From 6e53ed5d1bf40a17e7c9257f38169c8d15283e72 Mon Sep 17 00:00:00 2001
From: Andreas Tsouchlos <an.tsouchlos@gmail.com>
Date: Sun, 3 May 2026 04:00:05 +0200
Subject: [PATCH] Complete results chapter text

---
 src/thesis/chapters/4_decoding_under_dems.tex | 142 +++++++++++++++++-
 1 file changed, 140 insertions(+), 2 deletions(-)

diff --git a/src/thesis/chapters/4_decoding_under_dems.tex b/src/thesis/chapters/4_decoding_under_dems.tex
index a7fdcf9..58eb116 100644
--- a/src/thesis/chapters/4_decoding_under_dems.tex
+++ b/src/thesis/chapters/4_decoding_under_dems.tex
@@ -2035,6 +2035,9 @@ For the underlying \ac{bp} step we use the \ac{spa} variant rather
 than the min-sum approximation employed in
 \Cref{subsec:Belief Propagation}, since this made the implementation
 of the guided decimation more straightforward.
+Furthermore, we set $T=1$, as this eases the
+computational requirements and \cite{yao_belief_2024} showed that most of
+the gain can be achieved even for low values of $T$.
 
 \begin{figure}[t]
     \centering
@@ -2518,8 +2521,8 @@ iterations can change the outcome, which is why each cold-start curve
 reaches a flat plateau.
 
 The warm-start curves exhibit the same two regimes, but with the
-opposite outcome in the second one, which is exactly what the
-hypothesis from the previous paragraph predicts.
+opposite outcome in the second one, which is exactly what our earlier
+hypothesis  predicts.
 At low $n_\text{iter}$, decimation has not yet taken hold and the
 warm-start initialization carries forward only the \ac{bp} messages
 in any meaningful sense, so the warm-start variant outperforms its
@@ -2540,6 +2543,17 @@ decisions of the \acp{vn}.

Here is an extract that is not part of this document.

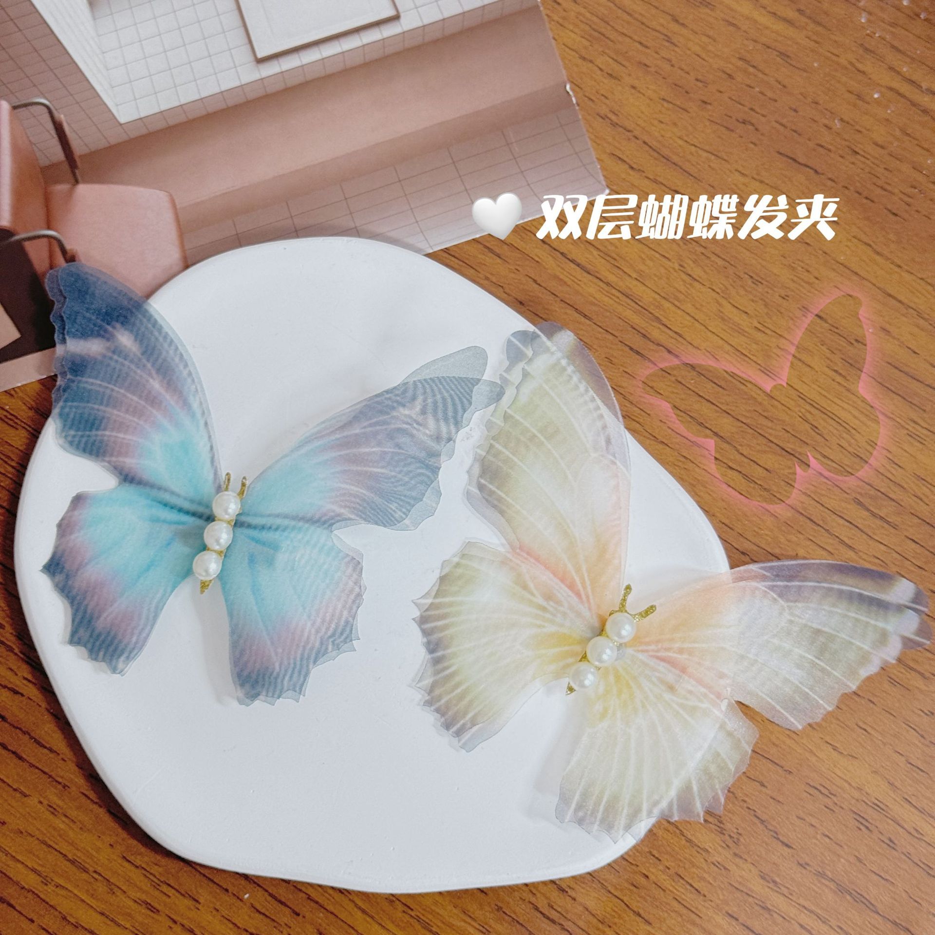 仙気霊動網紗蝶ヘアクリップ女性写真高級感真珠サイドクリップヘアピン古風気質髪飾り

 We do not have a definitive explanation for the roughness visible in some
 of the warm-start curves and limit ourselves to noting it.
 
+% [Thread] Turn to previous way of warm-start
+
+The natural consequence of the previous diagnosis is to drop the
+problematic part of the warm-start initialization for \ac{bpgd} and
+to carry over only the \ac{bp} messages on the edges of the overlap
+region, as in \Cref{fig:messages_tanner}, while leaving the channel
+\acp{llr} of the next window in their original cold-start state.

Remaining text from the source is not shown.